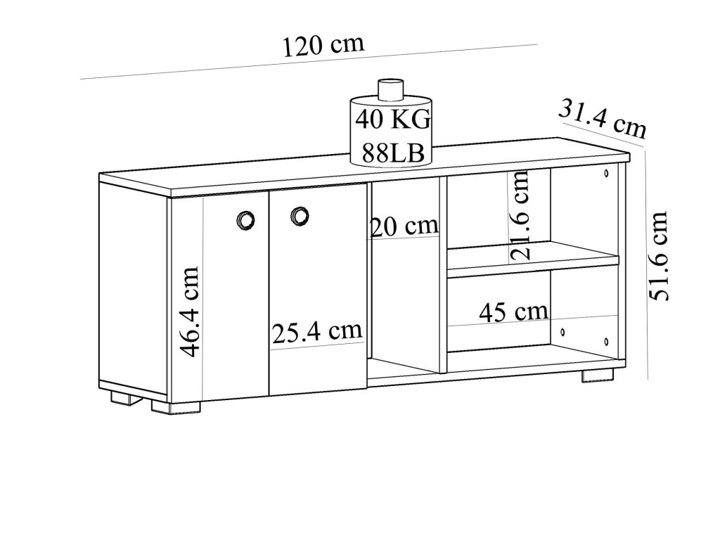 Rozměry: Šířka: 120 cm Hloubka: 31,4 cm Výška: 51,6 cm
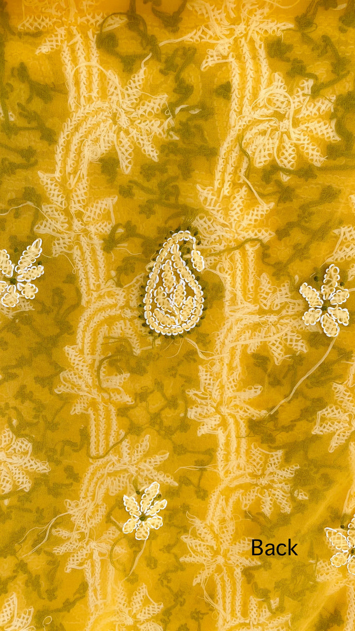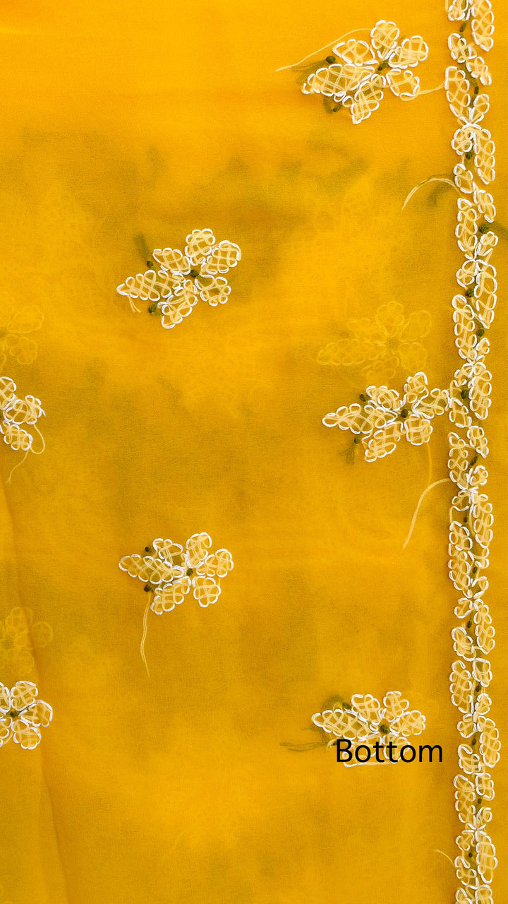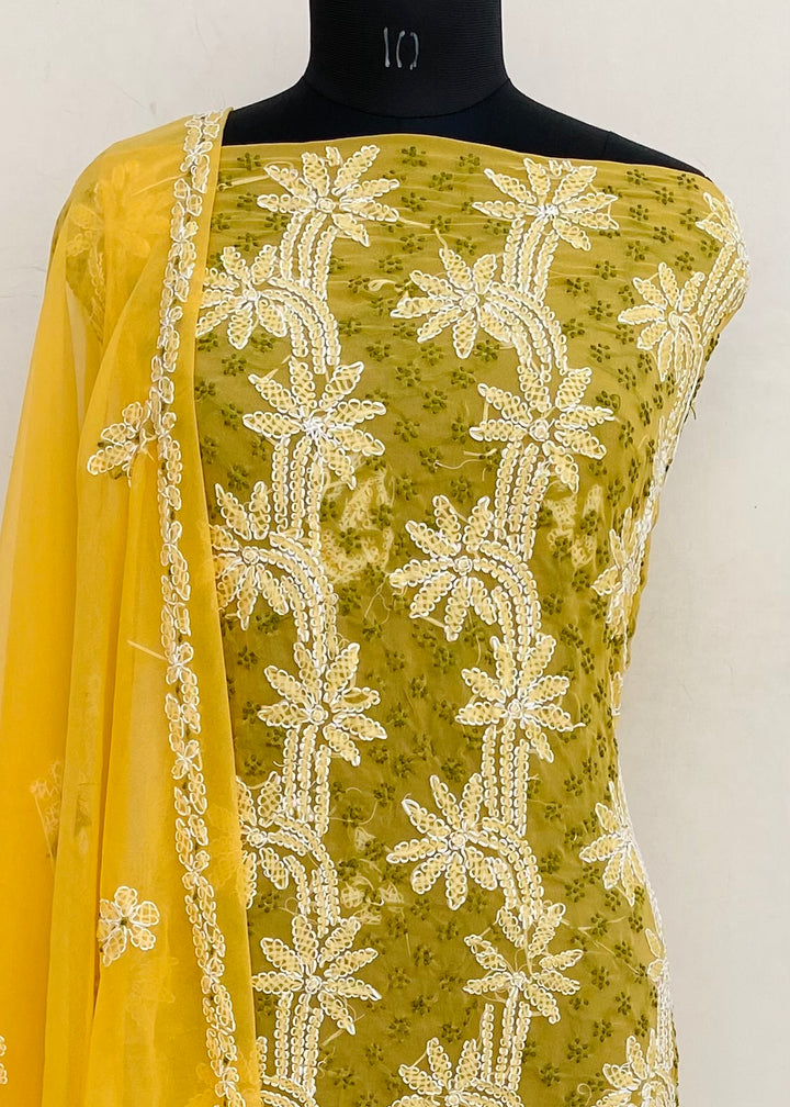 Lucknowi Chikankari Suit Length 3 Piece Yellow Georgette With Embroidered Georgette Dupatta & Embroidered Same Colour Georgette Bottom
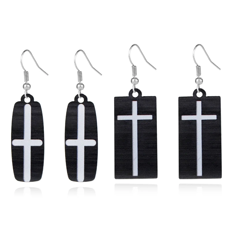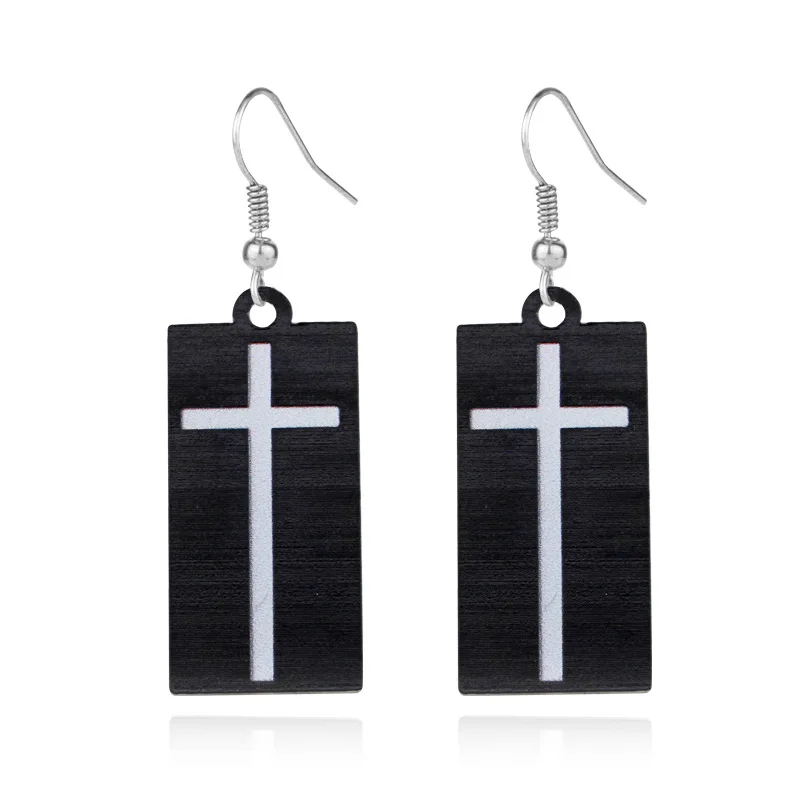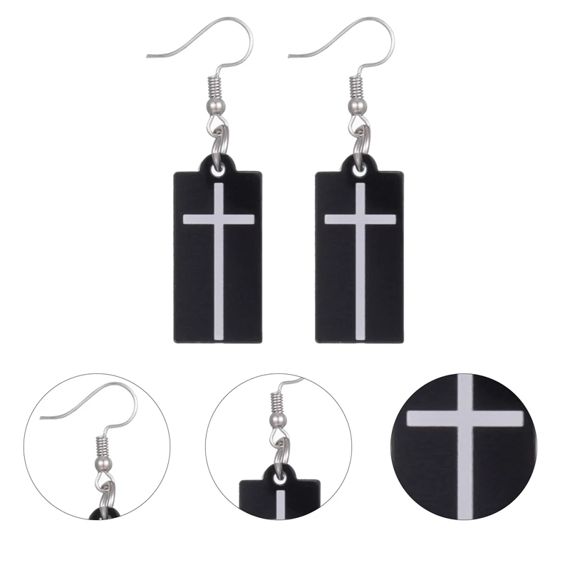 Серьги-подвески с черным крестом из акриловой смолы для косплея

--

WHAT NEEDS TO BE DONE: Output the data verbatim, images excluded.

RESPONSE AREA:
 Rozměry: Šířka: 120 cm Hloubka: 31,4 cm Výška: 51,6 cm
 Lucknowi Chikankari Suit Length 3 Piece Yellow Georgette With Embroidered Georgette Dupatta & Embroidered Same Colour Georgette Bottom
 Серьги-подвески с черным крестом из акриловой смолы для косплея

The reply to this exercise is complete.